=== Begin Enclosure ===

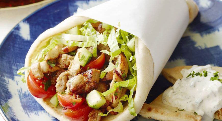 - Place the chicken in the middle of a pita and top with the assorted toppings. Fold the pita up and wrap with parchment to hold it together.
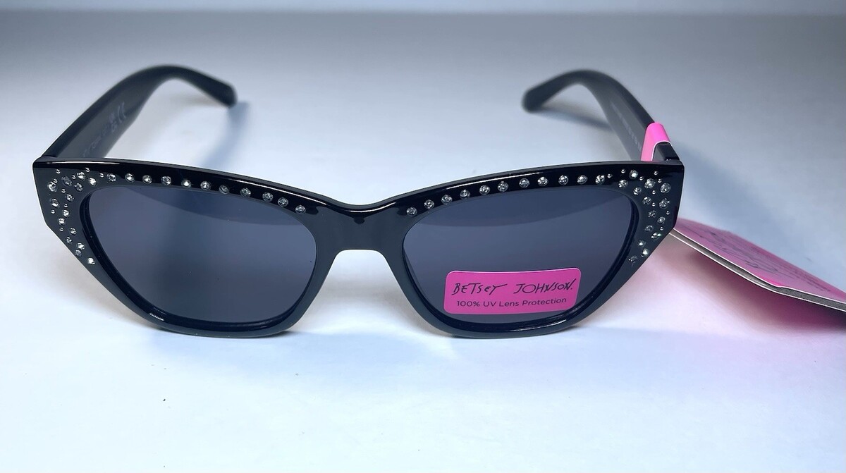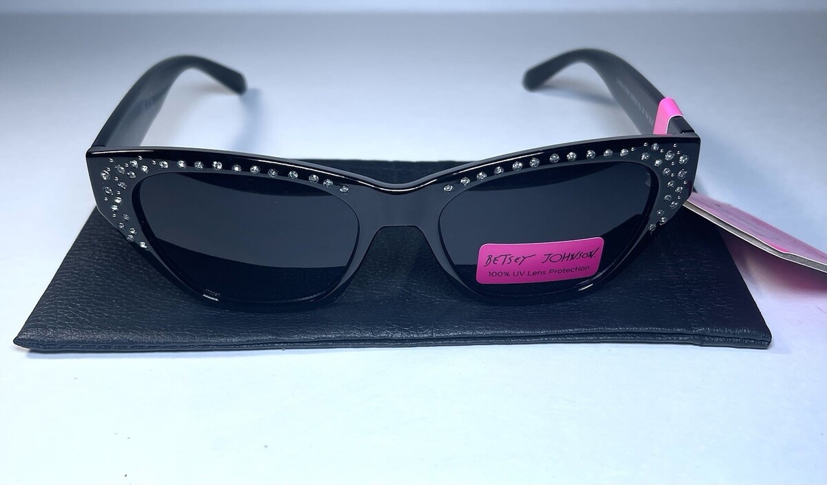 NEW BETSEY JOHNSON Cat Eye Black Rhinestone BJ26764 Sunglasses + Case
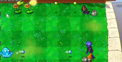 2、先在左侧上路种植两个豌豆向日葵,在左侧种植一个寒冰坚果。
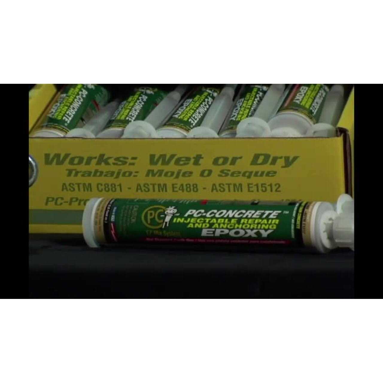 Pc-concrete is an injectable concrete anchoring & repair 2-component epoxy; 100% solids, high modulus, structural epoxy paste, solvent free, no odor, high strength, moisture insensitive, non-sag epoxy system, the 2 parts resin & hardener are uniformly dispersed from a cartridge system & mixed through a mixing nozzle, using a standard caulk gun to apply. Will perform effectively in vertical use situations to fill cracks, can be shaped & molded to rebuild missing areas of masonry. Will not shrink. Use for anchoring & setting pins & rods doweling as well as crack repair; bonds to metal, concrete, brick, wood, stone, block & most other substrates, 20 minutes, working time at 75 degrees f, 4 hour cure, 250 ml tube. PC-Concrete Epoxy Injectable Concrete Anchoring & Repair 2 Part Epoxy Solvent Free, No Odor Will not shrink Use in standard caulking gun Additional discounts apply for this item when purchased as Bulk.
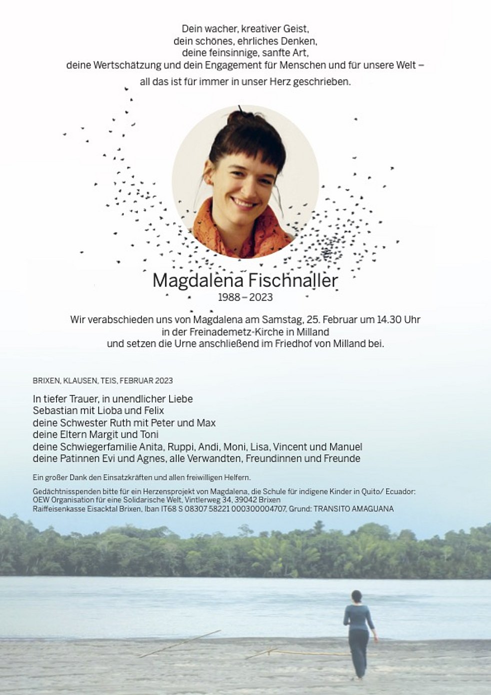 Lieber Sebastian, liebe Familie Fischnaller, " und meine Seele spannte weit ihre Flügel aus, und flog durch die stillen Lande, als flöge sie nach Haus" Eure liebe Magdalena ist nun im Licht und der Liebe Gottes von wo sie euch liebevoll begleiten wird. Euch allen wünschen wir Kraft und Trost für diese schwere Zeit. Viele gute Freunde die euch beistehen und unterstützen. Unsere Gedanken sind bei euch. Aufrichtiges Mitgefühl Brigitte und Peter
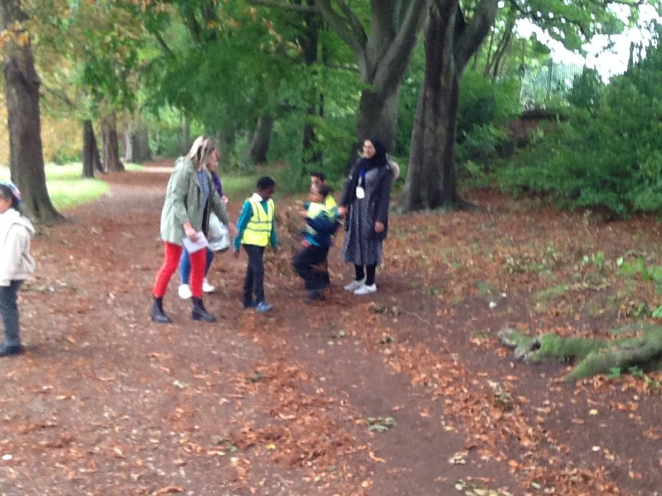 Walking in the park and collecting natural materials for a picture

=== End Enclosure ===

Start with the line with "NEW BETSEY JOHNSON" in the listing above and stop after the line with "2、先在左侧上路种植两个豌豆向日葵,在左侧种植一个寒冰坚果。". Write out exactly the lines in that stretch and no others, without pictures.

### Answer
 NEW BETSEY JOHNSON Cat Eye Black Rhinestone BJ26764 Sunglasses + Case
 2、先在左侧上路种植两个豌豆向日葵,在左侧种植一个寒冰坚果。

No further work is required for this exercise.